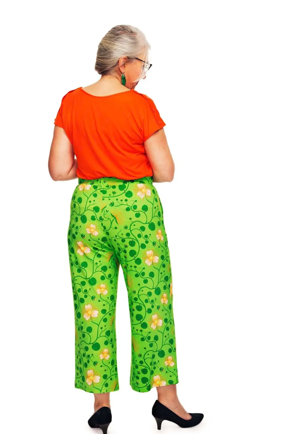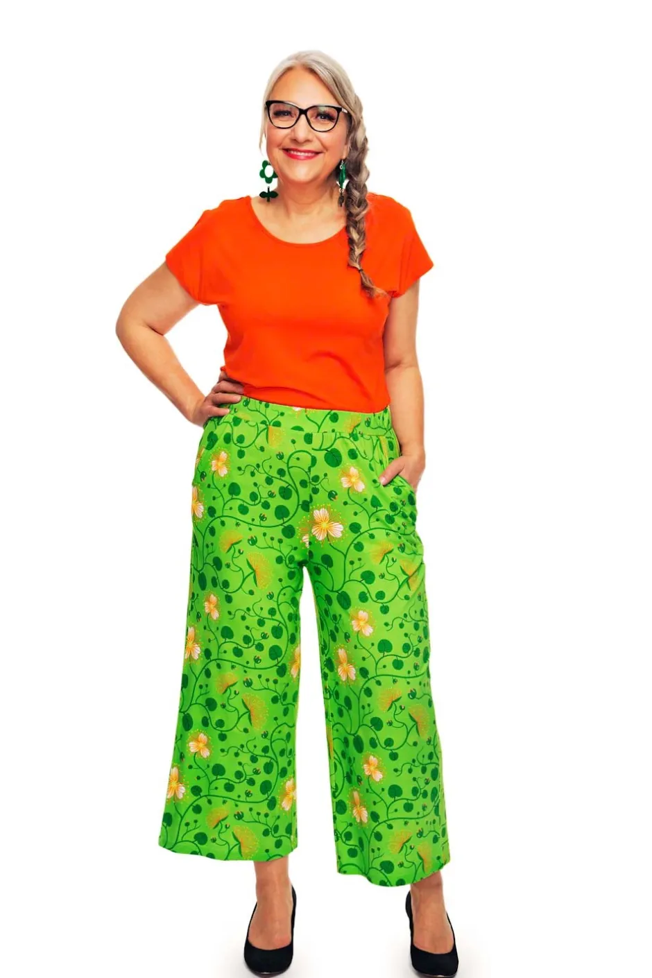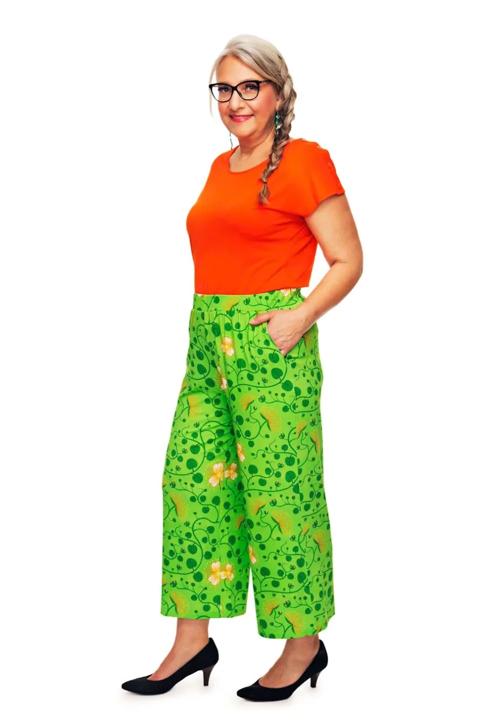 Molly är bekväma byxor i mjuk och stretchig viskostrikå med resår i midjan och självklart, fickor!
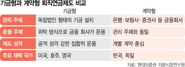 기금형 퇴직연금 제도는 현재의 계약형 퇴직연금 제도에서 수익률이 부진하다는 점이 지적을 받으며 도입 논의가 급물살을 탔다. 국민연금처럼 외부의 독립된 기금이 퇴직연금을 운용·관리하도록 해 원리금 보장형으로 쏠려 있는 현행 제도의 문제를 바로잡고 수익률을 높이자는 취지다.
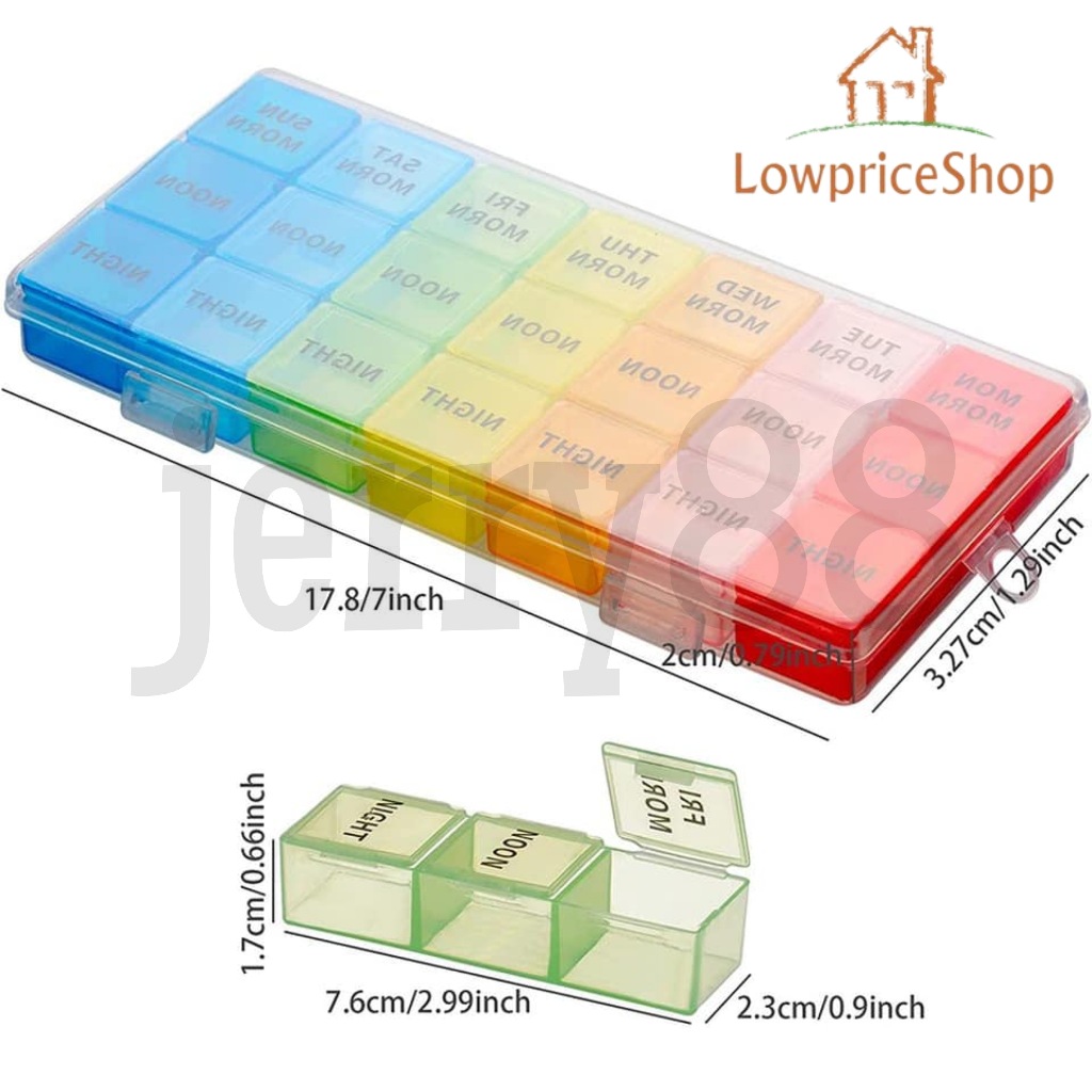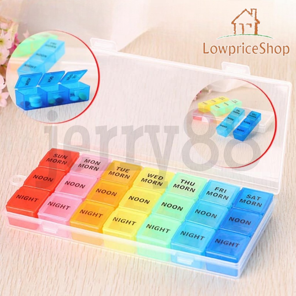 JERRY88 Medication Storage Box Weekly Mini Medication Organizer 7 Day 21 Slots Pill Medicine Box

**Exercise brief**
A faithful copy of all the data above is required, printed exactly and with no pictures.

**Task solution**
 Molly är bekväma byxor i mjuk och stretchig viskostrikå med resår i midjan och självklart, fickor!
 기금형 퇴직연금 제도는 현재의 계약형 퇴직연금 제도에서 수익률이 부진하다는 점이 지적을 받으며 도입 논의가 급물살을 탔다. 국민연금처럼 외부의 독립된 기금이 퇴직연금을 운용·관리하도록 해 원리금 보장형으로 쏠려 있는 현행 제도의 문제를 바로잡고 수익률을 높이자는 취지다.
 JERRY88 Medication Storage Box Weekly Mini Medication Organizer 7 Day 21 Slots Pill Medicine Box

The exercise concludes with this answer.